Gidget is a work of fiction, but just barely. It’s told in the breathless first-person voice of sixteen-year-old Frances Lawrence, who describes her previous wave- and romance-filled summer at Malibu. Kohner hammered out a first draft in just six weeks—not because the effort was gratuitous or rushed, but because in his own way he’d become as enthusiastic about surfing and the beach life as Gidget herself. The language appealed to him (Kohner’s ear for the speech patterns of adolescent girls was nearly as sharp as that fellow eastern European émigré Vladimir Nabokov, whose Lolita came out just a few months before Gidget), and unlike many postwar American adults, he wasn’t put off by the idea that the modern teenager had so much freedom and money and leisure time. Kohner in fact has a great time describing the Malibu surfers in full lounge mode on the beach, as they carefully explain the difference between “a good girl” and “a nice girl,” and holler their approval for Anita Ekberg’s Playboy centerfold. Adults are the real troublemakers in Gidget, and passing reference is made to absent parents, crooked therapists, and abusive husbands. Gidget herself meanwhile races back and forth between her two new loves, Jeff “Moondoggie” Griffin and the Malibu surf, and her voice throughout the book has a humor and bite that is entirely missing in the movie version.
“Just then the bamboo curtain to the hut was drawn open and this bum came out,” Gidget says early on, trying to sound unimpressed as she gets her first look at the great Kahoona, emerging from his beach shack after a big night:
What I mean, he wasn’t a bum but then he wasn’t exactly the kind of guy that would drive a girl mad with desire either.

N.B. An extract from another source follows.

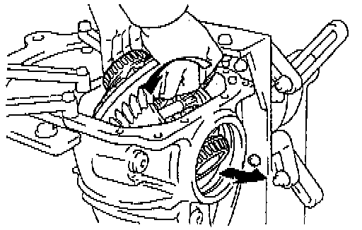 d. Rotate the ring gear back and forth to settle the side bearings down.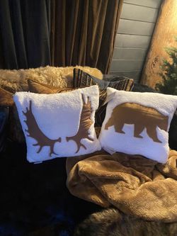 Set Of Sherpa Soft Cabin Bear Deer Antler Pillows $40Alpine, CA

He was on the oldish side—around the end of the twenties or so. You got the impression that he had just gotten up or something. Of course all the surfers in this enclosure wore only shorts or Hawaiian print trunks but this superannuated Huckleberry Finn had on a pair of jeans that were cut off just beneath the knees and looked more like an old rag bleached by the sun. Jeez, he was tanned. You’ve never laid your eyes on a tan like that. Like one of those suntan ads you see in magazines—only more so. He had a beard growth of at least three days and he stood there and scrat
ched his stubbles and had this kind of empty gaze like he was full of booze.

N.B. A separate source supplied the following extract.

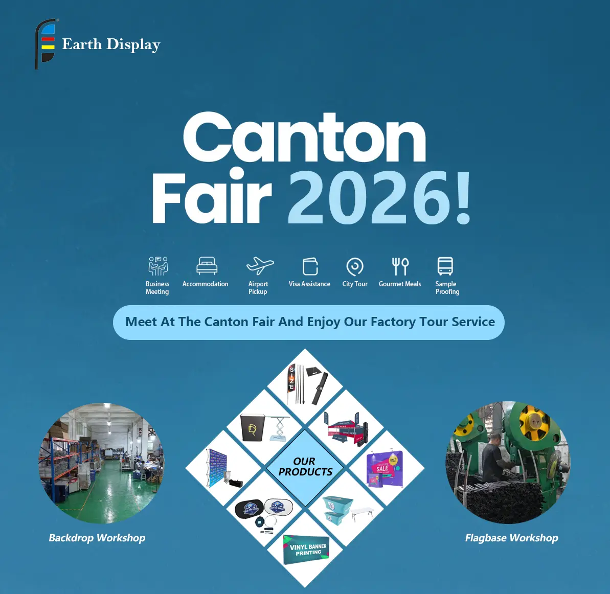 Târgul din Canton din 2026 se apropie, iar noi cei de la Earth Display sperăm cu adevărat să vă vedem acolo. Facem steaguri cu pene, fundaluri pop-up, baze pentru steaguri, bannere personalizate de vinil – practic orice pentru expoziții și reclame – de peste zece ani. De data aceasta, în loc să vorbim doar online, vrem să vă arătăm ce facem, față în față.

“I WAS JUST A GIRL WHO SURFED, AND THE GUYS AT MALIBU NAMED ME GIDGET. NO BOOK, NO MOVIE, NO MYTH. I WAS ONLY DOWN THERE FOR THREE SUMMERS. THEN I LEFT AND EVERYTHING KIND OF WENT CRAZY.”
—Kathy Kohner
G. P. Putman’s Sons published Gidget, the Little Girl with Big Ideas—the subtitle was dropped for later editions—in mid-fall 1957. It earned reasonably good notices (the Times called it “touching and entertaining”), made the West Coast best-seller lists (outperforming Jack Kerouac’s On the Road, which came out a few weeks earlier), and eventually sold more than a half million copies. Kathy Kohner was profiled in the Los Angeles Times less than a month after Gidget hit the bookstores, and two weeks later she and her father were both featured in a Life magazine article, which announced that they had just signed a movie deal—which would eventually become a separate, bigger part of the Gidget phenomenon.

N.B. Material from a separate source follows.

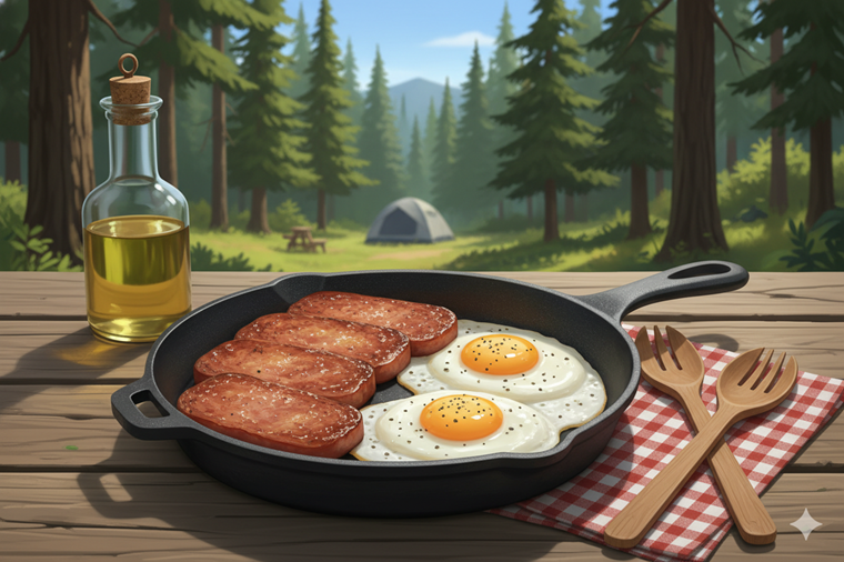 スキレット(鋳鉄製のフライパン)は、蓄熱性が高く食材の旨味を最大限に引き出してくれる、アウトドア調理の万能アイテムです。調理後にそのままテーブルへ並べるだけで、カフェのようなおしゃれな雰囲気を演出できるため、写真映えを狙いたいキャンプ飯に欠かせません。

More than fifty years later, it’s easy to see why Kohner’s original work scored such a bull’s-eye with its nonsurfing audience. Gidget is a quick, easy, fun read, and it contains the double novelty of a surfer-populated beach setting and a female lead who’s tough and cute. Kohner did a fine job of presenting Gidget and her surfer friends as “nice” (the Times reviewer used the word three times in a quick three-paragraph review), but not too nice (all that sex talk, some drinking and smoking, a few mild swear words). This neatly split the difference between the two prevailing views of American youth: the juvenile delinquent and the bright, spirited teenaged “hi-fi citizen.”